There were large portions of my life that were discordant, but I wasn’t sure how to make my way back to a place of harmony and resonance with the universe. One of the first measures I took in search of insights was to a yoga retreat in central Puerto Rico, deep within its lush rain forest. One of the scheduled activities on the agenda was a hike to a remote waterfall, and being an urbanite, I didn’t have suitable footwear for that kind of a trek. So, I purchased a pair of ruby red KEEN hiking sandals, as had been recommended in the information package we had received for the retreat. As it turned out, these hiking sandals weren’t ideal on slippery surfaces, and I had to rely on the assistance of a dashing, sweet, and helpful fellow retreater to get past some of the more slick parts of the path leading us to the stunning waterfall in Utuado.
Upon returning to Toronto after that first yoga retreat, I noticed the way I walked was different. My pace was much slower, I was considerably more observant of the environment around me, and I just felt a sense of ease, even with the rest of the world still rushing around me. That all stayed with me for a very long time, but I eventually returned to my quicker gait and I once again became oblivious to many of the wonders around me in my every day world. But at least I now recognized how doing such retreats or just getting into nature were vital to my spiritual, mental, and physical health if I was going to continue to live in Canada’s largest urban centre.
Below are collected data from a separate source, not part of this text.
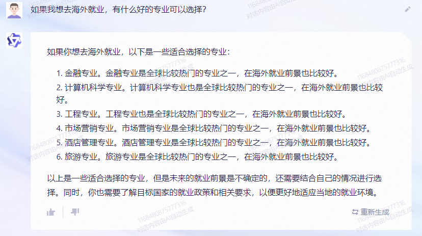 文心一言很快给出了解答:人工智能和数据科学、健康医疗和生命科学、新能源和环保技术、金融科技、数字媒体和游戏设计。基本上都是当下较为热门的专业,有意思的是文心一言还劝了一句:“选择专业不应该只考虑未来的就业前景”。
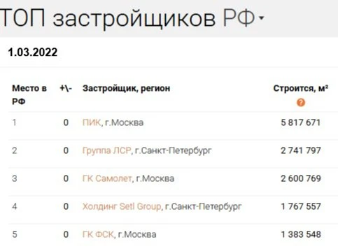 Ещё недавно ЛСР был в тройке лидеров по объёмам стройки, а из топ-10 России не выходил больше 10 лет. Но последние 2–3 года компания снизила обороты более чем в 2 раза и теперь скатилась уже на 12 строчку.
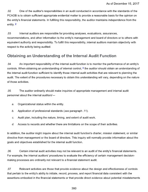 .05 The auditor ordinarily should make inquiries of appropriate management and internal audit

I hadn’t worn the hiking sandals since that trip to the remote eco resort in one of the most unspoilt landscapes I’ve ever been graced to visit. But very recently, I pulled out the sandals to wear on a trail hike about a half hour outside of Toronto. The forest floor was a rich red clay and the path was, for the most part, dry and easily traversable. But we came to an incline that was steep and my antennae went up. But there were small trees to which I could cling on the descent, so I moved forward and downward, still with trepidation. Unfortunately, we misjudged how damp the ground was and I soon found myself sliding uncontrollably towards the bottom of the hill. I couldn’t grasp the trees fast enough to halt my skid, so I instinctively let my butt drop to the ground. I slid on my rump until I finally stopped. Yet once again, I was fortunate not to be hurt, except for my pride. My legs, an arm, and the back of my shorts were caked with mud. For the rest of the walk other hikers kept commenting on my muddy appearance, but, oh, well.
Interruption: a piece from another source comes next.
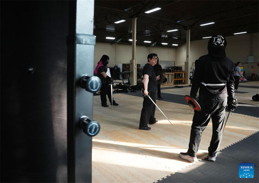 Esta foto muestra una escena de un curso de espada y escudo en el club Shanghai Historical Martial Arts (SHMA) de Shanghai, el 22 de noviembre de 2025. (Xinhua/Liu Ying).
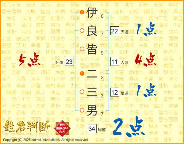 伊良皆二三男さんの総運は34画の2点!

Later that day, the memory of the mud slide triggered some pondering, mostly because I read much more into experiences than most people I know – I’ve just learned to pay attention, especially when I haven’t been paying attention, like about how slippery the earth was or why I decided to wear hiking sandals that had let me down in the past. But sometimes a fall is just a fall, or should I say, a slide is just a slide. And maybe the only lesson in my recent experience was simply to laugh at myself, to giggle with my trusty hiking companion, and to be grateful that my body and spirit are still resilient enough to bounce back from life’s literal ups and downs.